● THE TASK:
Ignoring the pictures, copy the data exactly.

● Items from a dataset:
%%
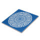 Azulejo cerâmico com chave grega (Meander), de cor branca, sobre fundo azul. Esta design do famoso e popular padrão grego da linha contínua pode ser editada para mudar sua cor, se você quiser. Você também pode mudar a cor de fundo do design, se quiser.
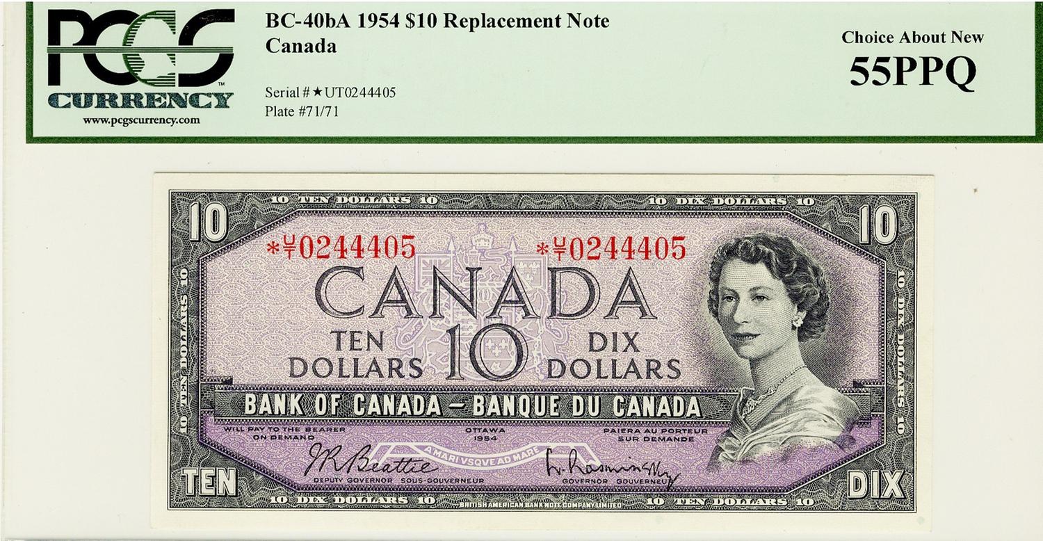1954 $10 BC-40bA #*UT0244405 PCGS CH AU55PPQ. Scarce replacement note.
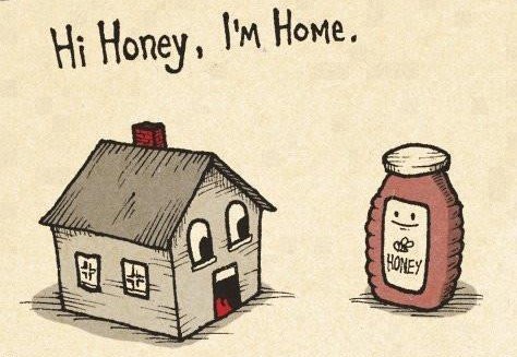 популярное выражение "Привет, дорогая, я дома", что дословно можно перевести как "Привет, мёд, я дом"
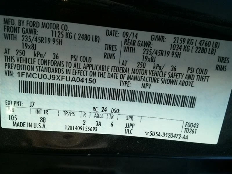 ESCAPE 2015 Jack 32442661 NO FOAM TRAY NO SPARE TIRE This part requires VIN (Vehicle Identification Number) verification prior to shipping. Please send VIN prior to purchase, or include in your purchase notes. If not, VIN will be requested after purchase, prior to shipping the order. Without VIN verification, orders are subject to seller cancellation. If you have any questions about this part, or any other parts from this vehicle, please click HERE to send us a message . We answer all questions promptly during regular business hours. Monday through Friday 7am-5pm Central Time. Donor Vehicle Information Model: ESCAPE Year: 2015 Mileage: 90000 Stock Number: 1LB012 Specific Part Notes: 000,4DR,ASSEMBLY Explanation of damage codes in part notes: - Part Fitment Information This part will fit these makes and models with these options If you do not see your vehicle in this list, please click HERE to send us a message so before buying so we can verify if it will fit your vehicle. - Our Promise Our Promise is that you are completely satisfied with every part you buy from Counselman Auto Recycling If you have a problem with the part, changed your mind or the part does not fit, simply let us know. If you need help with how to return an item, send us a message. We are here to help. - Shipping Information This part willl ship with Fedex or USPS with live tracking information. The tracking number will be posted to eBay and you can find it in your item purchase history.
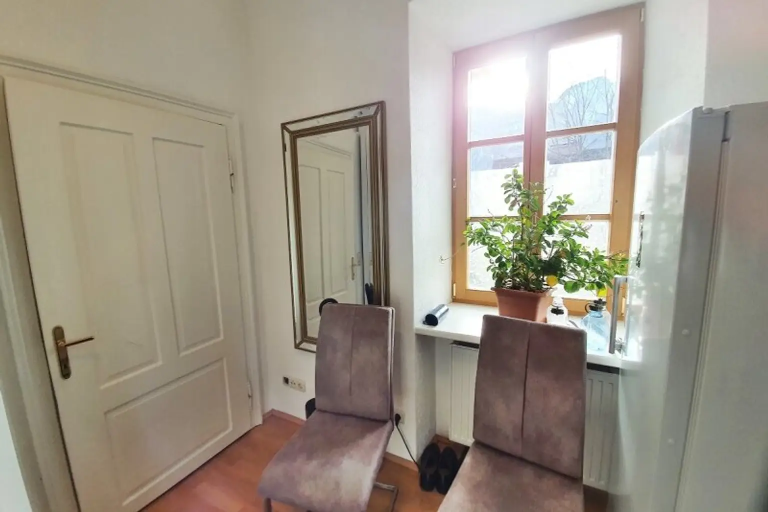 Im Erdgeschoß einer durchgehend renovierten Villa nutzen Sie Wohnzimmer, Schlafzimmer, großes Badezimmer, Küche, Speise-Erker sowie Wirtschaftsraum, Garderobe und zusätzliches WC.
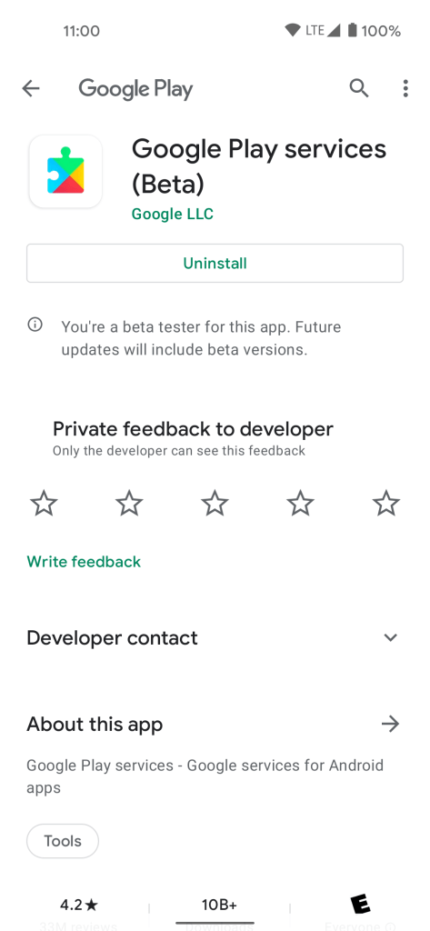 Once it’s been properly reverted, the next step is to actually reinstall the latest Play Services update. The fastest way to do this is to go to the Play Services listing on the Play Store, which can only be found through a direct link.
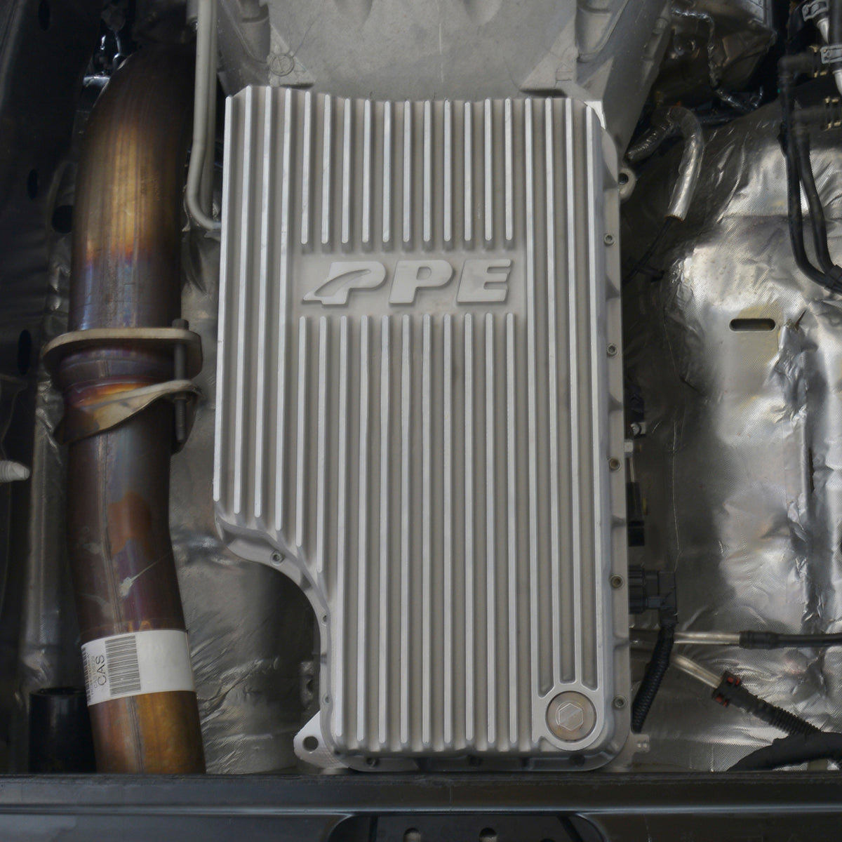PPE's cast aluminum, high-volume transmission pan is engineered to be a direct bolt-on replacement to the stock-stamped steel pan. This easy upgrade has a 5-inch depth and holds 14 quarts of fluid - that's 7 quarts more than stock. The internal heat sinks channel oil and prevents sloshing. The Deep external fins radiate heat to keep fluid temps down. Thick side gussets add strength and provide rigidity.
%%
● RESPONSE TO THE TASK:
 Azulejo cerâmico com chave grega (Meander), de cor branca, sobre fundo azul. Esta design do famoso e popular padrão grego da linha contínua pode ser editada para mudar sua cor, se você quiser. Você também pode mudar a cor de fundo do design, se quiser.
1954 $10 BC-40bA #*UT0244405 PCGS CH AU55PPQ. Scarce replacement note.
 популярное выражение "Привет, дорогая, я дома", что дословно можно перевести как "Привет, мёд, я дом"
 ESCAPE 2015 Jack 32442661 NO FOAM TRAY NO SPARE TIRE This part requires VIN (Vehicle Identification Number) verification prior to shipping. Please send VIN prior to purchase, or include in your purchase notes. If not, VIN will be requested after purchase, prior to shipping the order. Without VIN verification, orders are subject to seller cancellation. If you have any questions about this part, or any other parts from this vehicle, please click HERE to send us a message . We answer all questions promptly during regular business hours. Monday through Friday 7am-5pm Central Time. Donor Vehicle Information Model: ESCAPE Year: 2015 Mileage: 90000 Stock Number: 1LB012 Specific Part Notes: 000,4DR,ASSEMBLY Explanation of damage codes in part notes: - Part Fitment Information This part will fit these makes and models with these options If you do not see your vehicle in this list, please click HERE to send us a message so before buying so we can verify if it will fit your vehicle. - Our Promise Our Promise is that you are completely satisfied with every part you buy from Counselman Auto Recycling If you have a problem with the part, changed your mind or the part does not fit, simply let us know. If you need help with how to return an item, send us a message. We are here to help. - Shipping Information This part willl ship with Fedex or USPS with live tracking information. The tracking number will be posted to eBay and you can find it in your item purchase history.
 Im Erdgeschoß einer durchgehend renovierten Villa nutzen Sie Wohnzimmer, Schlafzimmer, großes Badezimmer, Küche, Speise-Erker sowie Wirtschaftsraum, Garderobe und zusätzliches WC.
 Once it’s been properly reverted, the next step is to actually reinstall the latest Play Services update. The fastest way to do this is to go to the Play Services listing on the Play Store, which can only be found through a direct link.
PPE's cast aluminum, high-volume transmission pan is engineered to be a direct bolt-on replacement to the stock-stamped steel pan. This easy upgrade has a 5-inch depth and holds 14 quarts of fluid - that's 7 quarts more than stock. The internal heat sinks channel oil and prevents sloshing. The Deep external fins radiate heat to keep fluid temps down. Thick side gussets add strength and provide rigidity.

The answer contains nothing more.